__MATERIAL PROVIDED__.

Segment Open

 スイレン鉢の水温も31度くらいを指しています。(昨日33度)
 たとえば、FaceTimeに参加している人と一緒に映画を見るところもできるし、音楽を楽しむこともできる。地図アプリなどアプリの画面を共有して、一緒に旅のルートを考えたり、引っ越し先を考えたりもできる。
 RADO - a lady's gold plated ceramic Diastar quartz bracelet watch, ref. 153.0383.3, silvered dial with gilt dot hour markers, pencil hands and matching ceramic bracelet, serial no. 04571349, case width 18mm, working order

Segment Closed

__TASK TO CARRY OUT__. Repeat the whole of the data above exactly, keeping every word.

__RESPONSE AREA__.
 スイレン鉢の水温も31度くらいを指しています。(昨日33度)
 たとえば、FaceTimeに参加している人と一緒に映画を見るところもできるし、音楽を楽しむこともできる。地図アプリなどアプリの画面を共有して、一緒に旅のルートを考えたり、引っ越し先を考えたりもできる。
 RADO - a lady's gold plated ceramic Diastar quartz bracelet watch, ref. 153.0383.3, silvered dial with gilt dot hour markers, pencil hands and matching ceramic bracelet, serial no. 04571349, case width 18mm, working order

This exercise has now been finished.